Linda Allen Hollis (born 1951) is an American historian and biographer. She is a direct descendent of West Ford, who, in Ford's oral history, is the African-American son of George Washington. Her work focuses mainly on early American history and race relations.

Early life and education
Hollis was born and raised in Peoria, Illinois, in a large family of eleven children. Her mother, Elise Ford Allen, was a newspaper editor and publisher of the Traveler Weekly, and her father was an inventor and owner of the Traveler Printing Company.

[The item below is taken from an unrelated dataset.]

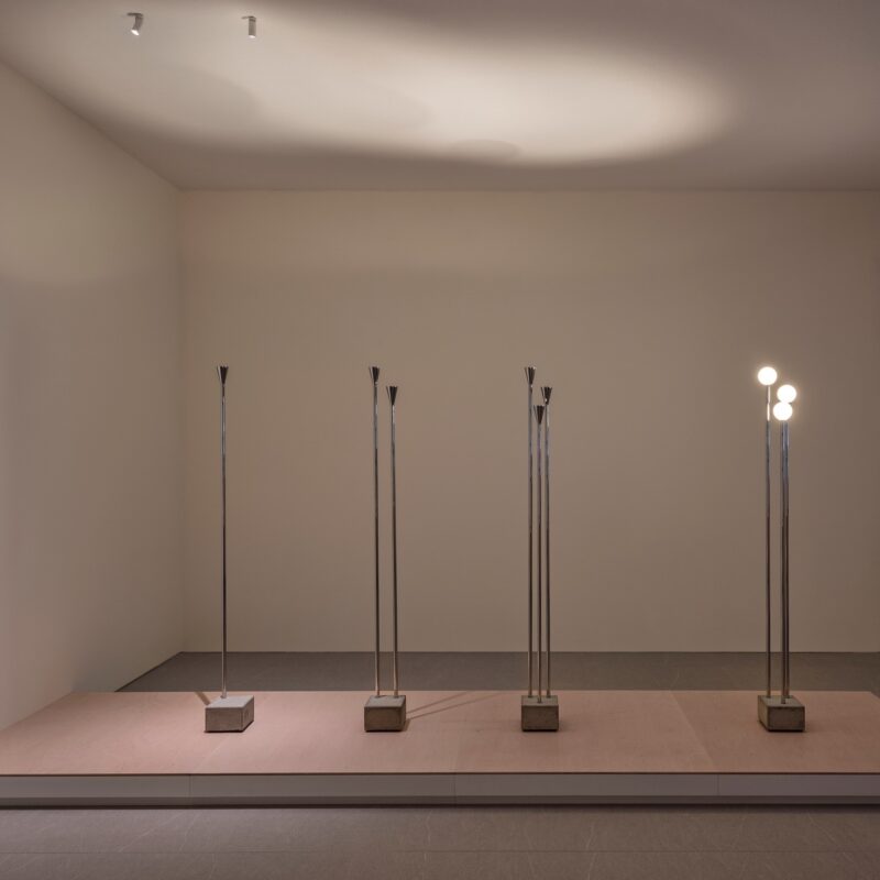 An original reinterpretation of the torch, Jam Session blends rigorous aesthetics with a touch of irony. Drawing on multiple archetypal references, the concrete base supports one to three luminous stems, each crowned by a glass sphere or a flute-shaped diffuser. Elegant yet versatile, it was conceived as a ‘super-candle’ with a gentle glow ideal for refined interiors.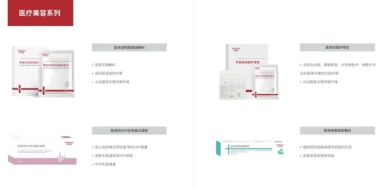 如果健康问题已经造成了创面或疤痕(如术后伤口、烧烫伤、医美术后),宏怡的理疗医美板块提供医用透明质酸钠敷料、疤痕修复凝胶、HPV防护凝胶等械字号产品,用于创面护理、疤痕改善、黏膜防护。

Hollis attended Manual High School and received her undergraduate degree from Bradley University in Geology. She obtained her master's degree from the University of Colorado Boulder in the same discipline.

Career
Hollis started her career by joining Anaconda Mineral Company and later for several other pharmaceutical companies. She has written various books on American history, as well as on the West Ford family. She also writes as Linda Allen Bryant and L.A. Hollis.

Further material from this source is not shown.